Efficient Querying

Before we go into the details of database tuning, we should make clear that due to ongoing development and tuning of the Tamino engine the performance hints given here are only based on a snapshot of the current situation. Future versions of Tamino may perform differently.

Optimizing Tamino for efficient querying involves three steps: Data Modeling, Index Definition, Query Definition.


Data Modeling for Efficiency

First we should get the data model right:

  • Your document types should implement whole business objects and documents such as customers, suppliers, purchase orders, jazz musicians, albums, etc. You should avoid "relational" designs such as First Normal Form. Business objects represented by an ensemble of flat tables are suitable for relational databases, but not for native XML databases.

For our example, we created one document type for each of the business objects style, jazzMusician, collaboration and album.

  • Avoid "all-in-one" documents. Large documents can slow down processing considerably. For example, the current Tamino version compresses documents larger than 32 KB in order to save disk space and speed up disk access, so documents above this size need more CPU time.

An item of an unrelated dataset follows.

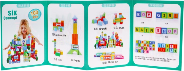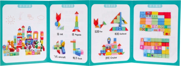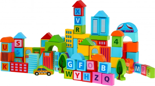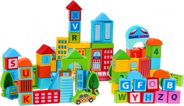 Medinės kaladėlės yra vieni mėgstamiausių žaislų per kelias kartas. Šis gausus rinkinys apima 100 kruopščiai pagamintų detalių įvairių spalvų ir formų, kurių dėka vaikai lengvai pastatys miestą, tiltus ar bokštus. Dauguma detalių puošti gyvūnėlių, raidžių ir figūrų motyvais, kurie natūraliai skatina pažinimą ir mokymąsi žaidžiant.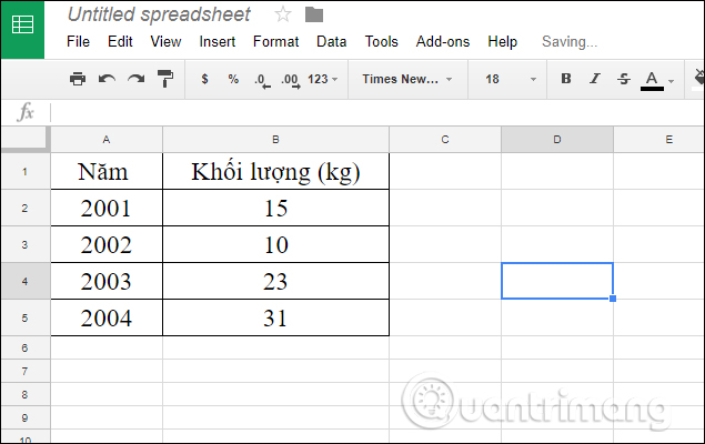 Cách tạo đồ thị, biểu đồ trong Google Sheets

For example, with XML it would be easily possible to create a single document containing our whole jazz encyclopedia (which, eventually, could grow into a size of several hundred MB). But do not expect good performance from such a design.

  • If a document contains clearly identifiable hot spots and cold areas, i.e. a small area is accessed frequently whereas another large area is accessed only rarely, consider separating these two areas into two separate documents. This increases the processing speed for the frequently accessed area.

In our example, we have stored the album reviews in separate documents. These reviews are far less likely to be accessed than the album document itself.

  • Sometimes it can be appropriate to re-introduce redundant data elements in order to speed up retrieval. The downside to this is that updating becomes more complicated and takes more time.

For example, if we frequently need to know how many albums a jazz musician has published, retrieval performance could be improved by including this information in each jazzMusician document; we would no longer need to search all collaborations of a musician and then count the albums. However, we would need to update all referenced jazzMusician documents each time we insert, update or delete a collaboration document.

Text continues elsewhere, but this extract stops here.